Movies Nowadays Are Like Reading Novels, Lack Depth: Subhash Ghai
Movies Nowadays Are Like Reading Novels, Lack Depth: Subhash Ghai
Known for spinning magic on the silver screen in the 1980s and 1990s, Ghai also said films now don't offer something valuable to the audience and instead use a flat storytelling technique.

New Delhi: Subhash Ghai, Bollywood's 'showman', feels the soul is missing from the films being made today. The veteran filmmaker says directors focus more on the business model of a project instead of the story, and that is why they fail to connect with the audience.

"Right now, the common tendency is to take money and make a film. That is why people are making projects, they are not making motion pictures... Pick star cast, make the film, and do marketing in such a way that it crosses Rs 100 crore in four days -- that is how films are being made today," Ghai said over phone from Mumbai.

Known for spinning magic on the silver screen in the 1980s and 1990s, Ghai also said films now don't offer something valuable to the audience and instead use a flat storytelling technique.

"They fail to transport the audience to the world of the movie, and don't make them a part of the story as well," Ghai said.

"People take their families for a movie thinking that they will enter a new universe through the film, and go back with something that will stay with them forever. But watching films today seems like reading a novel. We read the story and come back home without taking away anything from it," he added.

Ghai said "there have been hardly two or three films in the last three or four years that give you something to take home".

Talking about his work, he said: "I still meet some people at the airport who tell me that they have seen my movies at least 30 times.

"I am a cinema child and student. When I started making movies, I had one thing in mind that the films need to survive for 50-100 years."

Having started his directorial career with the 1976 film Kalicharan, Ghai's repertoire is studded with cinematic gems like Karz, Ram Lakhan, Khalnayak, Pardes, Taal, Saudagar and Karma.

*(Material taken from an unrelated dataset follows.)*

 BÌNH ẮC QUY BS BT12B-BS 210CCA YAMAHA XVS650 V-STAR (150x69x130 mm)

His last few movies Yuvvraaj, Kaanchi: The Unbreakable and Black & White -- failed to spin magic at the box office, and went unnoticed. He also backs films under his banner Mukta Arts, has a film school Whistling Woods International and is working towards reviving classic cinema with Mukta A2 Cinemas, a division of Mukta Arts Limited.

Under this initiative, he will re-release his hits starting with Taal at New Excelsior Mukta A2 Cinema on Sunday. It will be followed by his other films, and will move on to films like Rang De Basanti and Lagaan.

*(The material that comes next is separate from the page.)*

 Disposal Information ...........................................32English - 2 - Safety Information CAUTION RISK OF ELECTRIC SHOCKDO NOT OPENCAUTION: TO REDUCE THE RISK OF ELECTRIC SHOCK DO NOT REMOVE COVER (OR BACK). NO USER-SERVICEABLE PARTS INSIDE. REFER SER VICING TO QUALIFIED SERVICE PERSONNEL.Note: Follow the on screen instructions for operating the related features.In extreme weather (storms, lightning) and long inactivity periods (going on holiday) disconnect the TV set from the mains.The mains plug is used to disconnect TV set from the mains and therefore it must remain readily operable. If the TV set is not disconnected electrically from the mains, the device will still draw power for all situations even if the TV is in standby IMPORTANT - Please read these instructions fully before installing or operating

Talking about the initiative, the 72-year-old said: "Anil Kapoor, Jackie Shroff and other people asked me to release my films once again in this theatre. When we saw the specimen, the pictures looked so different than what we have seen on television or computer due to advanced technology.

"The kind of motion pictures which will take you to the locales of the film...That is real cinema."

Ghai -- who also expressed his disappointment over the shut down of the iconic Regal Cinema in Delhi -- says he is devoted to reviving classic cinema, and plans to take his endeavour out of Mumbai.

"We will see the response first and then go to all metro cities."

Ghai also stressed the importance of building drama theatre auditoriums by the Indian government.